Все равно будет май - Иван Свистунов
Шрифт:
Интервал:
Закладка:
Другое дело у наступающих. Полк Хворостова, начав наступление в первых числах декабря, быстро продвигался вперед, громя отходящего противника. Далеко позади остались полковые тылы. Выпадали дни, когда, кроме сухаря да пачки концентратов или банки консервов «в собственном соку», ничего не было. Если получишь буханку хлеба, то она такая промерзшая — и штыком не проймешь.
С ночлегом и того хуже! Гитлеровцы, отступая, сжигают деревни, поселки, разрушают города. Ворвешься перед вечером в такую деревню — одни пепелища да головешки. А мороз лютует. И команда строгая: «Костров не раскладывать», «Курить в рукав», «Зажженная спичка видна на два километра» и т. п. Носятся над головой «мессеры» и «юнкерсы», загоняют в кюветы, под кусты, носом в сугробы.
И потери не меньше, чем при отступлении. Сколько отставших, обмороженных, заболевших, не говоря уже о раненых и убитых.
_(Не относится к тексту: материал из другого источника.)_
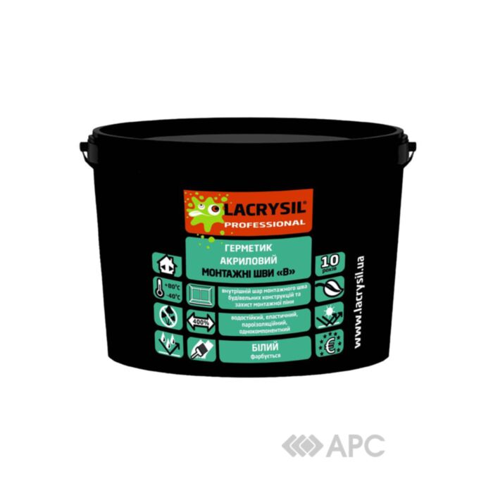 Герметик для швов Lacrysil внутри помещений В белый 7 кг предназначен для уплотнения трещин, стыков и выполнения внутреннего шва оконных и дверных коробок и других конструкций. Имеет высокую адгезию с деревом, бетоном, кирпичом, камнем, пенобетоном, алюминием, штукатуркой и другими материалами. После отверждения легко окрашивается акриловыми красками. Обладает высокой эластичностью и повышенной водостойкостью. Подходит для внутренних работ. Идеален для вертикальных швов. Экологически чистый продукт. Температура при работе +5...+35 °C. Время высыхания 24-48 часов. Срок хранения 18 месяцев.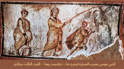 Moses hitting the rock is an early image of the crucifixion of Jesus Christ and His sufferings for our sake; it is also an early image of the lance with which He was stabbed in the side, when water and blood came out.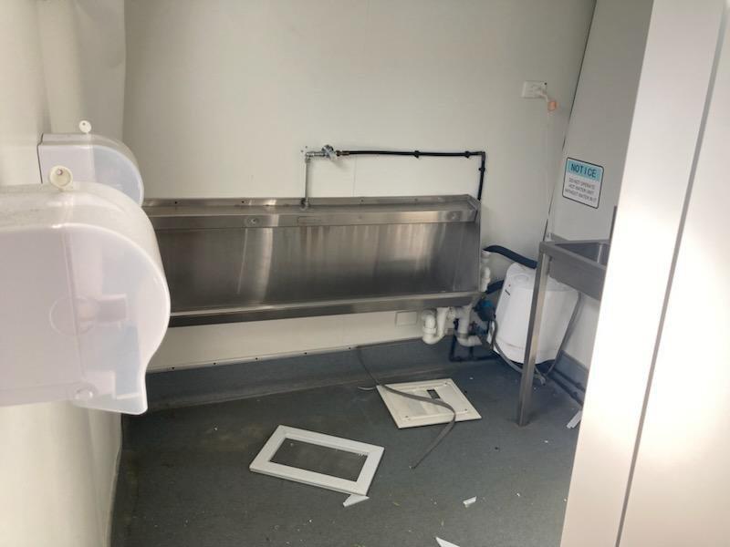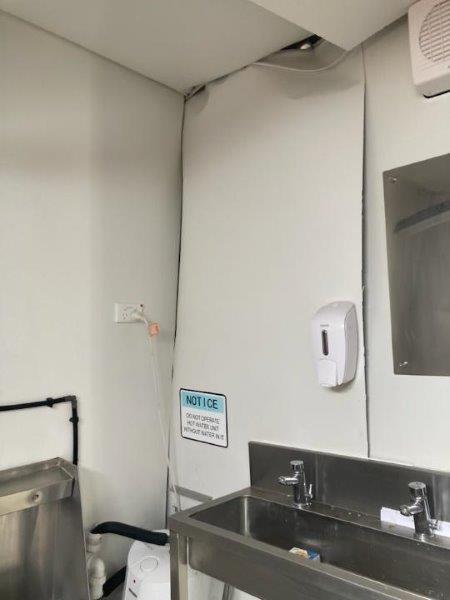 Insurance Claim - Portable Large Container Type Ablution Block Mens & Ladies Plus Amenities, Urinal, Wash Basins - Suffering Slight transit Damage To One Corner - Still Operational - Replacement Cost $61,000 - Location Wacol Brisbane - Buy Now $11,500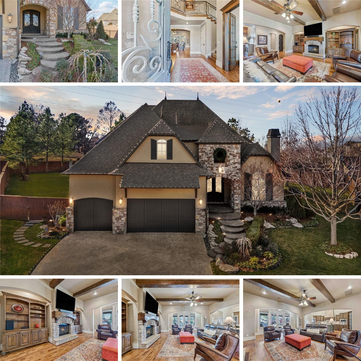 Step into this fabulous 4-bedroom retreat tucked into a prestigious gated neighborhood, where soaring vaulted, beamed ceilings and natural light create an instant wow factor. Designed for everyday comfort and effortless entertaining, this home features spacious living areas and refined finishes, including granite throughout, in a timeless style. Enjoy the warmth and ambiance of three-stone fireplaces, thoughtfully placed to elevate cozy nights and elegant gatherings. An elegant study provides the perfect work-from-home or reading sanctuary, while a beautiful mix of plantation shutters and Roman shades adds layered sophistication and privacy. Outside, your private backyard oasis awaits, centered around a stunning pool, professionally landscaped grounds with mature trees, and provides a serene backdrop. To top it off, you'll love the oversized three -car garage featuring a sleek epoxy-finished floor-perfect for extra storage, hobbies, or workshop. Each of the bedrooms have walk-in closet and en-suite bathrooms, a true blend of luxury, comfort, and unforgettable curb appeal.

Это Хворостов видел по своей роте: редела на глазах.
Трудно наступать! И все же разве сравнишь настроение наступающих солдат с тем, что было в июле да в августе. Рвутся вперед; кажется, дай команду, так и пойдут, почерневшие от усталости и холодов, на одних сухарях, день и ночь до самого Берлина.
В конце декабря рота Алексея Хворостова, выбив перед вечером немцев из деревни, там и заночевала. На всю деревеньку уцелело несколько изб, и в них набилось солдат по самую завязку. Утром командир дал дневку — набирайтесь сил, приводите себя в порядок.
Из разговора с хозяйкой избы Хворостов узнал, что в деревне уцелела школа, в которой жили гитлеровцы.
— Шибко бегли, немые! Не успели спалить.
По старой памяти Хворостову захотелось заглянуть в сельскую школу. Посмотреть на книжные шкафы, на парты, на классную доску, послушать, как звенит школьный звонок.
Наверно, потому, что он был учителем, все увиденное в школе потрясло его. Дело в конце концов не в том, что все в школе оказалось поломанным, разгромленным. И не в том, что в классах на полу толстым слоем — как в запущенной конюшне — лежала грязная, сбившаяся в тугой пласт солома. И не в том, что сожжены все столы и парты. Война есть война. Наивно думать, что гитлеровская солдатня проявит заботу о сохранении школьного имущества.
Хворостова потрясла явная и наглая циничность их действий. Сорвали тропининский портрет Пушкина и бросили у входа — вытирать ноги. Один класс превратили в отхожее место — не хотели или боялись выходить на мороз. Книги Толстого, Чехова, Горького, Маяковского изорваны без всякой нужды, для развлечения. Голубой школьный глобус проткнули и вырвали клок как раз на том месте, где размещается Советский Союз.
За полгода войны Хворостов, казалось, уже привык к горю, крови, смертям, пожарищам. Но картина наглого надругательства над всем тем, что было его жизнью, возмутила Хворостова. Все, что накапливалось в груди изо дня в день, нагнеталось, теперь спрессовалось, стало камнем, легло на сердце. Нельзя жить, дышать, ходить по земле, читать стихи и слушать музыку, пока не будет разгромлен фашистский зверь. Надо бить его, гнать и уничтожить в его собственном логове — в Берлине!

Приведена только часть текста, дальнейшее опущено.